Mais adiante, o impacto se agrava: o Rio da Prata já deságua no Rio Miranda completamente sujo.

Durante monitoramento ambiental realizado pelo IHP (Instituto Homem Pantaneiro), a equipe técnica constatou um problema antigo, mas cada vez mais grave.

A situação, segundo o biólogo do instituto, Sérgio Barreto, é resultado direto de uma combinação perigosa: ausência de APPs (Áreas de Preservação Permanente), uso inadequado do solo, erosão acelerada e processos intensos de assoreamento.

“Isso não é de hoje. Infelizmente, não estamos tendo uma evolução no quadro do Rio Verde, ele continua carregando uma grande quantidade de sedimento, é uma água bem suja e que impacta diretamente no Rio da Prata', pontuou.

Apesar do monitoramento constante e das tentativas de encontrar soluções, os avanços práticos ainda não apareceram.

“Sempre estamos acompanhando essa questão do Rio Verde e tentando achar soluções, mas infelizmente essas soluções não estão aparecendo. O Rio Verde continua contribuindo de forma negativa e é necessária uma correção imediata, algo precisa ser feito antes que esses impactos sejam irreversíveis aqui no Rio da Prata e no próprio Rio Verde', destacou.

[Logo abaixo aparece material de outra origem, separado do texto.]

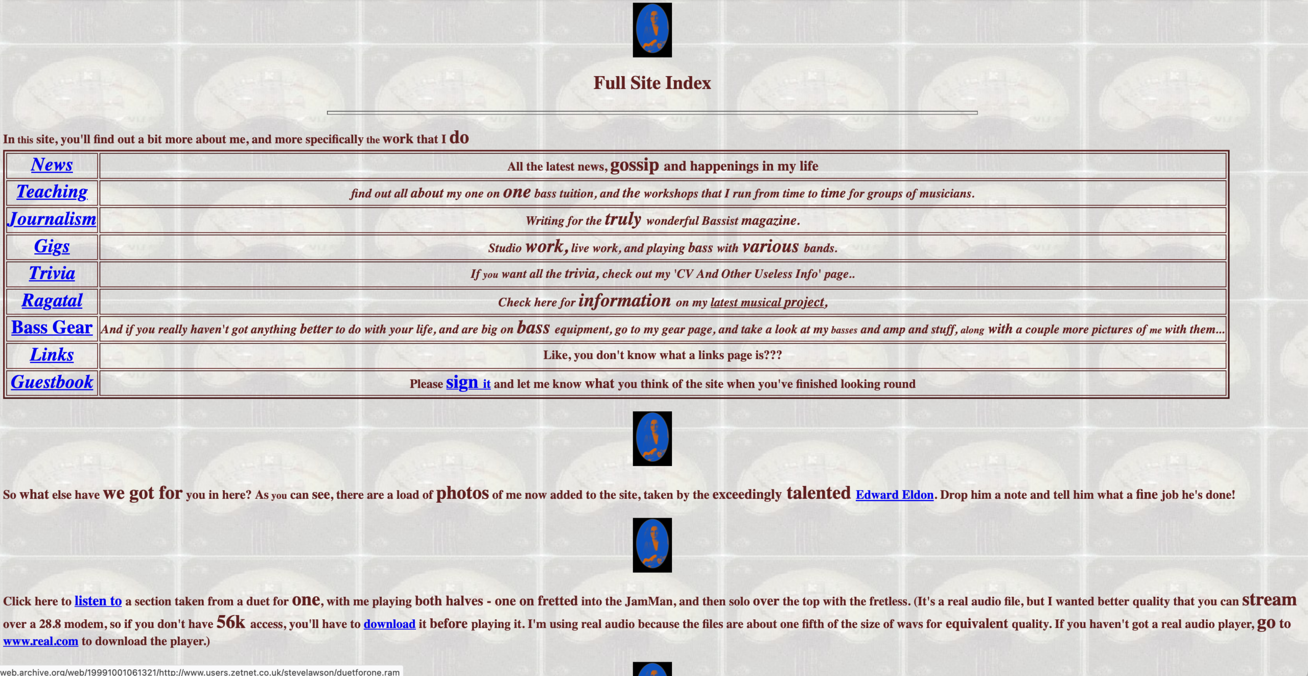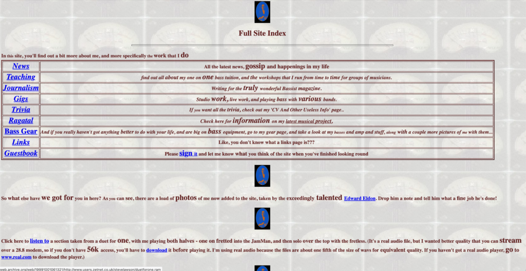 Back in 1998, being a bass player and bass teacher with a website was a vanishingly rare thing. I didn’t own a ‘proper’ URL for another year or so, but using the free space that came with my email account and some HTML skills learned from pre-Google websearching (probably on Altavista), I built a shop window for everything I was involved in at the time:

O biólogo reforça a gravidade das consequências. “É um rio de uma beleza cênica impressionante, um rio com suas águas cristalinas. Essa água com sedimento, tira tudo isso. O rio ali está sujo, ele começa a ter problema de assoreamento, diminui sua profundidade e isso pode impactar em toda essa biodiversidade e ecologia do rio. Então, isso é gravíssimo', lamentou.

O Campo Grande News entrou em contato com o Governo do Estado para saber sobre algum projeto para correção do problema, e aguarda o retorno.